一番の見せ場であるスペイン無敵艦隊に勝利するシーンもそこそこに迫力はあるけど映画の世界に引き込まれることなく、「これ全部CGじゃないよね~?ここらへんは実写かな?」などと余計な感想が頭をよぎってしまいました。
主演のケイト・ブランシェットは前作「エリザベス」からすっかり威厳や貫禄が板についた女王を演じていますが、どちらかというと一人の女性として苦悩する姿の方に重点をおいて物語は展開していきます。
そしてもう一人のエリザベス、彼女は女王の侍女ですが、こちらは結婚し子供を設けて女王が得られなかった女としての幸せを手にいれます。

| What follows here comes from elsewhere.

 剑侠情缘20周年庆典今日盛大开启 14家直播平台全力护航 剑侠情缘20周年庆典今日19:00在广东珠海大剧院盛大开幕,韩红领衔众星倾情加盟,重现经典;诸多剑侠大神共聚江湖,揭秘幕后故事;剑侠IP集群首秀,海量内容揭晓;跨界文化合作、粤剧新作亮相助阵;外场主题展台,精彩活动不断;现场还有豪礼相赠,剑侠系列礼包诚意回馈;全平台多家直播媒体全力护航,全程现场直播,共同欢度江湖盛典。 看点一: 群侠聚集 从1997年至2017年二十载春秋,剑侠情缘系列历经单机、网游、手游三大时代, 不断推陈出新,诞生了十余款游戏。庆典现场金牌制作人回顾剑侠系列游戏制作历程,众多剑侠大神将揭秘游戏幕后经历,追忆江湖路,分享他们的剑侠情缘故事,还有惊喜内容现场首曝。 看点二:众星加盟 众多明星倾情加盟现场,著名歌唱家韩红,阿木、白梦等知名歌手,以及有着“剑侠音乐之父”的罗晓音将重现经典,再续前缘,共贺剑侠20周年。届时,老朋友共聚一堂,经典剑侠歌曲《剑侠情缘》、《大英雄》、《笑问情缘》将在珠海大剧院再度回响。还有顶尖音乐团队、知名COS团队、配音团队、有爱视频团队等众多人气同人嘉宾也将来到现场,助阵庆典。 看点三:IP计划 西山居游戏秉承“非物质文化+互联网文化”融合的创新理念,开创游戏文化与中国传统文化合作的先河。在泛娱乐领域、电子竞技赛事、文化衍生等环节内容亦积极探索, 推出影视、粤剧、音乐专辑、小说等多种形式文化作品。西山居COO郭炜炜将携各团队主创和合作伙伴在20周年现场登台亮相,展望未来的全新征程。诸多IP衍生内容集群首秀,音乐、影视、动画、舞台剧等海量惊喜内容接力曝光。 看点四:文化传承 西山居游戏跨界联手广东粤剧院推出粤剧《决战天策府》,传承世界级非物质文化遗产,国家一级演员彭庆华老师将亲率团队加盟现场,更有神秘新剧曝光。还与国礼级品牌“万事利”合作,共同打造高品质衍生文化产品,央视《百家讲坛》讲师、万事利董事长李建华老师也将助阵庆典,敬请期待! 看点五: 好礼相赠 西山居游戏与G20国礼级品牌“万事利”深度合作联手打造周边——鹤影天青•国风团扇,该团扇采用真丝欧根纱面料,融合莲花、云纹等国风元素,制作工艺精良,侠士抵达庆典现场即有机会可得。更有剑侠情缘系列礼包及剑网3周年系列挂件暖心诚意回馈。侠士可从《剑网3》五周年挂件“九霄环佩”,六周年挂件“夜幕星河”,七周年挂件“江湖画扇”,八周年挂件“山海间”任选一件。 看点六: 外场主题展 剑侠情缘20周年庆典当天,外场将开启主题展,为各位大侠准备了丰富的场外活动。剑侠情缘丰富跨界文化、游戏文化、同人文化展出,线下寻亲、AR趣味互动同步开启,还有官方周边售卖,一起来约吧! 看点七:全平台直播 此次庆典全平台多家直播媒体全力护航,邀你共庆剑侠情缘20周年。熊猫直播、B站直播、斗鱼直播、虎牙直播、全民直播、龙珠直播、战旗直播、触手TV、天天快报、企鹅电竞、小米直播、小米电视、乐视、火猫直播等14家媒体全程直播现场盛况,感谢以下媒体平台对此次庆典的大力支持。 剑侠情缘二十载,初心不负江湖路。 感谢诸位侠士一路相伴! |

二人のエリザベス、一方は自分の子を産み育て、もう一方は英国民の母として生きる人生を歩みます。
でもそれもいまいち・・・って感じです(-"-;A
個人的にはもっと歴史大作に仕上げてもらいたかった。
BOOK「爆笑問題の日本原論」
漫才師 爆笑問題が初めて出版したネタ本です。
95年、地下鉄サリン事件などオウム裁判など今も記憶に残っている大きな事件から尾崎豊の謎の死みたいな言われてみればそんなこともあったな~というニュースをネタを活字にしています。
電車の中で読んでいて、笑いをこらえるのが大変でした。
ちょっとこれはキツイな~というのもありますが、基本的にバカバカしくて思わず笑ってしまうものばかりです。

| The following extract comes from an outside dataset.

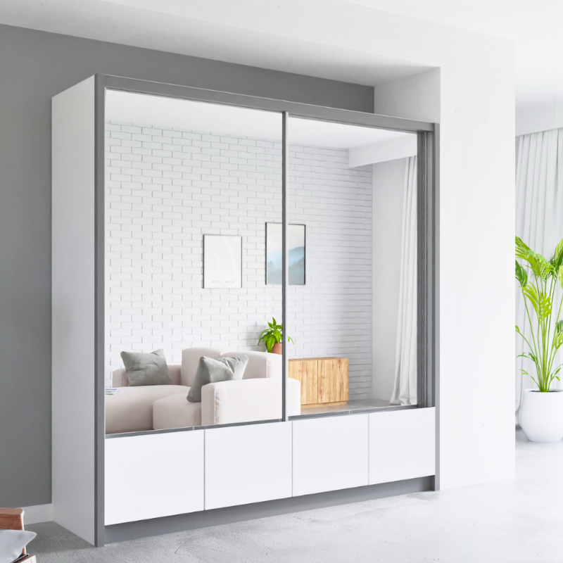 Ormar Lui 1 prostran je i funkcionalan ormar modernog dizajna, dimenzija 204x217x62 cm. Nudi dovoljno prostora za organizaciju odjeće i drugih potrepština, čineći ga idealnim rješenjem za spavaću sobu. Dostupan uz opciju plaćanja na 36 rata po 35 KM.

例えば犬猫繁殖販売業者S氏がお客から多額の現金をだまし取った挙句、殺人を犯していたという95年1月におきた愛犬家連続殺人事件。一部割愛して引用させてもらうと
田中がまず、「S氏は猛獣の扱いに関しては天才的にうまかったって話だよね。」と話を振り、
そして太田が、地元じゃ「黒いムツゴロウ」と言われてたんでしょ。
もしS氏とムツゴロウさんが戦ったら、どっちが勝つんだろうな?
「動物の鉄人」とかいって、制限時間内に猛獣を手なずけた方が勝ち、という番組作ったらヒットするぜ。

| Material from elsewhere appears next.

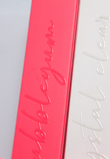 Aluminum hydroxide, Butylene glycol, CI 15850, CI 19140, CI 45410, CI 77891, Cocos nucifera oil, Diisostearyl malate, Ethylhexyl palmitate, Hydrogenated castor oil/sebacic acid copolymer, Octyldodecanol, Palmitoyl tripeptide-1, Pentaerythrityl tetraisostearate, Polybutene, Silica dimethyl silylate, Sodium hyaluronate, Sorbitan isostearate, Tocopherol, Tocopheryl acetate, Tribehenin, Triethoxycaprylylsilane.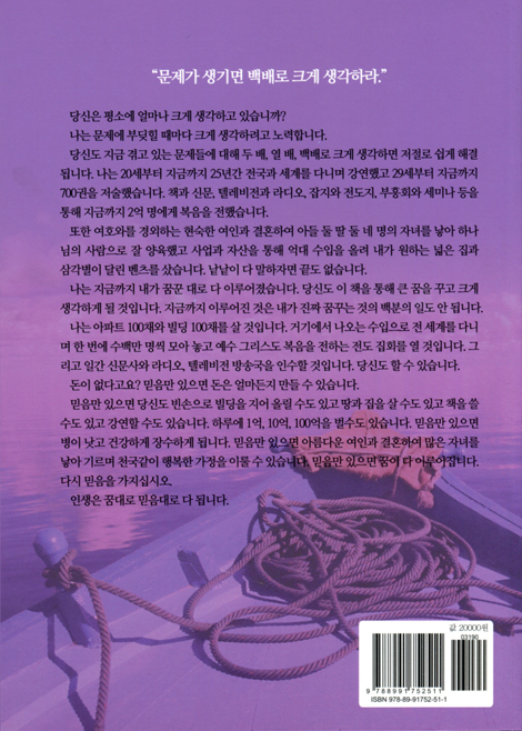 “문제가 생기면 백배로 크게 생각하라. 몸과 마음이 불편해도 일을 시작하고 끝내라. 어떤 일이든 끝을 봐야 성과물이 있다. 해도 해도 안 되면 끝에서부터 시작하라. 그러면 닫혔던 문이 다 열린다.”

「本日のテーマはトラ!」と発表するとスタジオ中央に獰猛なトラが出てきて、
ムツゴロウさんがニヤニヤ笑いながらそのトラの口の中に自分の頭を突っ込んで手なずけたりして![]()
と、ボケを返します。
ちょうどその頃「料理の鉄人」という料理バトル番組が流行っていたんですよね。
読んでいてその「動物の鉄人」を想像したら笑いが止まらなくなっちゃった( ´艸`)
こんな調子で全編漫才形式で繰り広げられています。